When you copy the entries, omit the images and keep every word as it is.
───── Task data ─────
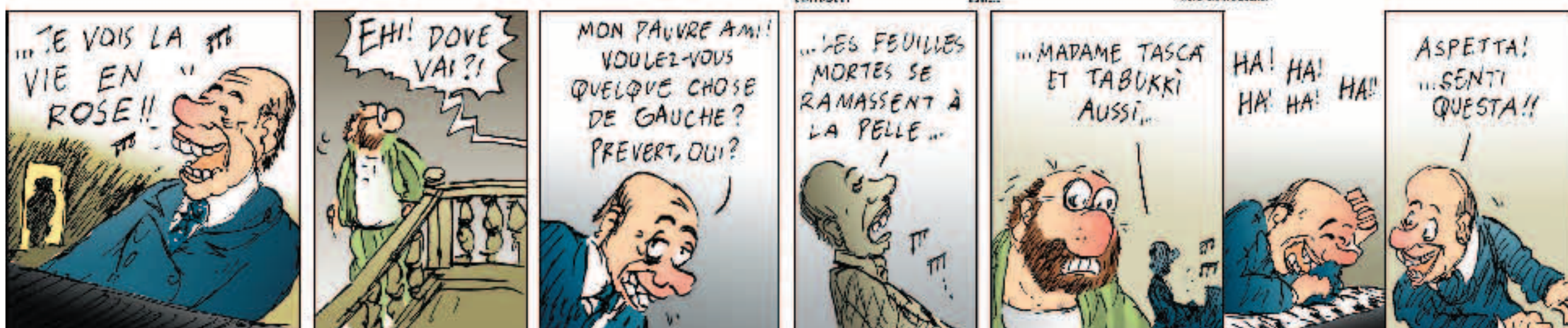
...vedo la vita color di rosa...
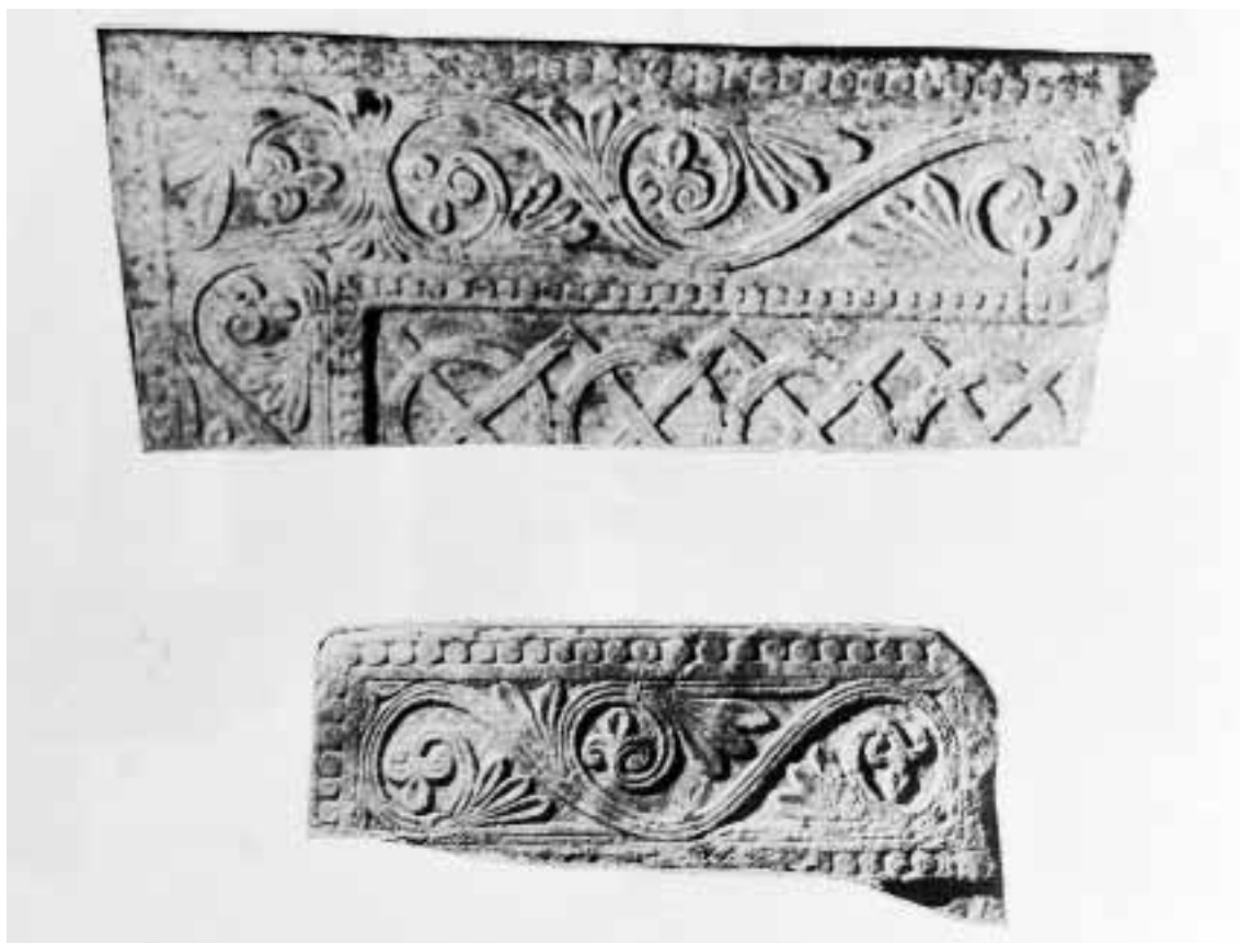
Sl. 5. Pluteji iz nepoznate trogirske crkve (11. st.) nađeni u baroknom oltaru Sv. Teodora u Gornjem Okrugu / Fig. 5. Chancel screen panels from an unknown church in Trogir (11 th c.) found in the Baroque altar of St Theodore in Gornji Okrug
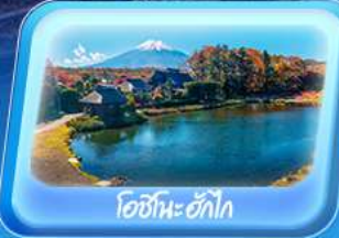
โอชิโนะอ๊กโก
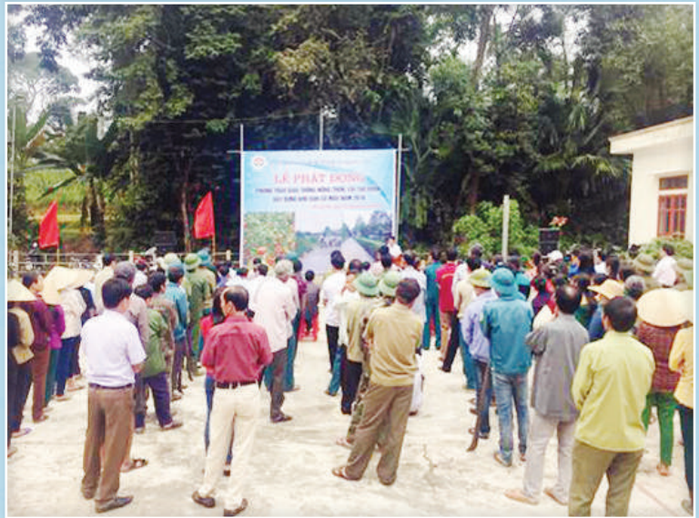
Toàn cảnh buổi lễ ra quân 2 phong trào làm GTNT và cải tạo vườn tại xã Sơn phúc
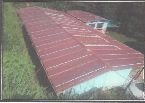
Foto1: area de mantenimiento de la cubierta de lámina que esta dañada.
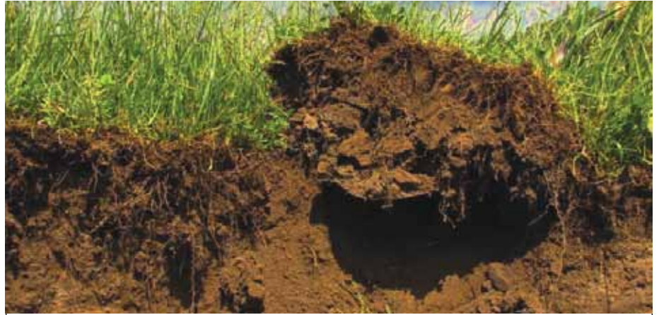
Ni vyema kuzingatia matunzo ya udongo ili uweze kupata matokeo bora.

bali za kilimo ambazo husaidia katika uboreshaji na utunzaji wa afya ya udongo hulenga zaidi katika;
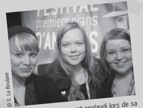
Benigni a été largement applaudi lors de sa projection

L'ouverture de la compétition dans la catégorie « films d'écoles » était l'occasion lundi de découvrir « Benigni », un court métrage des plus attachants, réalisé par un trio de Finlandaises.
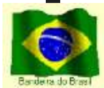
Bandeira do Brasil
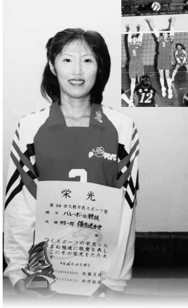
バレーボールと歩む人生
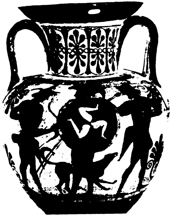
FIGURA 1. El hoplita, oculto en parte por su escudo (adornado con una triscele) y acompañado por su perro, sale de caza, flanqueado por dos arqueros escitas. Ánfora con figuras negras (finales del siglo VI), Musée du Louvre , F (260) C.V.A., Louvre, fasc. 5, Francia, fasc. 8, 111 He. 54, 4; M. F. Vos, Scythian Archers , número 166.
─────
Result:
...vedo la vita color di rosa...
Sl. 5. Pluteji iz nepoznate trogirske crkve (11. st.) nađeni u baroknom oltaru Sv. Teodora u Gornjem Okrugu / Fig. 5. Chancel screen panels from an unknown church in Trogir (11 th c.) found in the Baroque altar of St Theodore in Gornji Okrug
โอชิโนะอ๊กโก
Toàn cảnh buổi lễ ra quân 2 phong trào làm GTNT và cải tạo vườn tại xã Sơn phúc
Foto1: area de mantenimiento de la cubierta de lámina que esta dañada.
Ni vyema kuzingatia matunzo ya udongo ili uweze kupata matokeo bora.

bali za kilimo ambazo husaidia katika uboreshaji na utunzaji wa afya ya udongo hulenga zaidi katika;
Benigni a été largement applaudi lors de sa projection

L'ouverture de la compétition dans la catégorie « films d'écoles » était l'occasion lundi de découvrir « Benigni », un court métrage des plus attachants, réalisé par un trio de Finlandaises.
Bandeira do Brasil
バレーボールと歩む人生
FIGURA 1. El hoplita, oculto en parte por su escudo (adornado con una triscele) y acompañado por su perro, sale de caza, flanqueado por dos arqueros escitas. Ánfora con figuras negras (finales del siglo VI), Musée du Louvre , F (260) C.V.A., Louvre, fasc. 5, Francia, fasc. 8, 111 He. 54, 4; M. F. Vos, Scythian Archers , número 166.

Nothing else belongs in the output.